How To Deal With People Who Don't Understand Your Child's Autism


Autism is one of the most prevalent afflictions for North American children today, yet it is one of the least understood by the public at large. Most people, unless they've been close to autism, have no idea what it's like or how to deal with a child with autistic disorder.

At first, having an autistic child can be embarrassing for some parents. Autistic children do not have the same social skills as most of their peers. They are often prone to fits of anger and violence due to their inability to properly communicate. Oftentimes, these ‘tantrums’ occur in public.

Parental reactions to these outbursts may be seen as inappropriate or "stupid." After all, if the kid is just having a tantrum, why aren't you punishing him or her?

How to deal with rude people

So how do you deal with rude, insensitive, or even downright pushy and nosy people who make comments or try to intervene when you're dealing with your autistic child?

What you should do as a parent, is try to ignore the comments if possible. This may be easier said than done, but it falls upon you to be the voice of reason. In addition, you should always focus on providing a good example for your child. Remember, the well-being and safety of your child is paramount. Everything else is secondary.

Try to educate others

If you can't ignore the person or if they insist on "getting involved," then confront them with education and not by returning their rudeness. Sure, saying something like "Butt out, lady, it's none of your business" might be nice stress relief for you, but it isn't teaching her or your child the right things.

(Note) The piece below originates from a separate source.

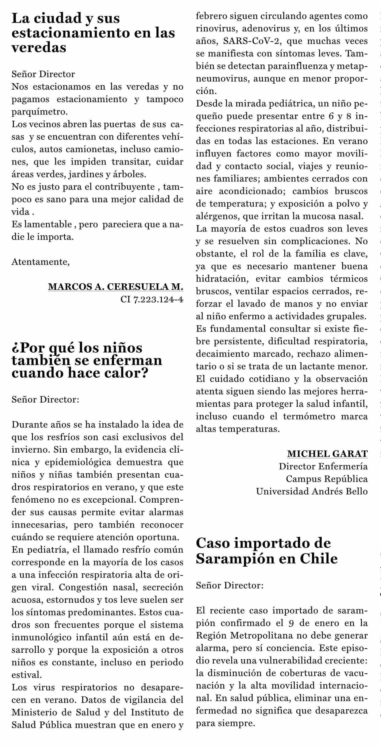 Cartas: ¿Por qué los niños tambien se enferman cuando hace calor? 13-01-2026 La Prensa de Curicó |

Start off by saying "My child is autistic, so I must deal with his/her tantrum differently than I would were this just a childish outburst." If you have time, explain that something triggers the outburst and it's not "not getting candy" or "wanting to go play," but is rooted instead in your child's frustration at not being able to communicate effectively or at having something disrupt his or her sense of well being, so punishment is not really the correct course of action.

Avoiding public confrontations

Of course, most parents of autistic children learn to just avoid the outbursts and public embarrassment that can come with them. To minimize disruptive behavior, think about the particular outing you have planned and what the worst case scenario would be and then plan for it. Take along a favorite toy or snack for placating your child.

Having friends or family along who can deal with unpleasant people while you deal with your child is always the best way to go.

Just realize that while autism is relatively common in our society today, it's still widely misunderstood. So be prepared to deal with insensitive and ignorant people who may react to your child in ways that aren't appropriate.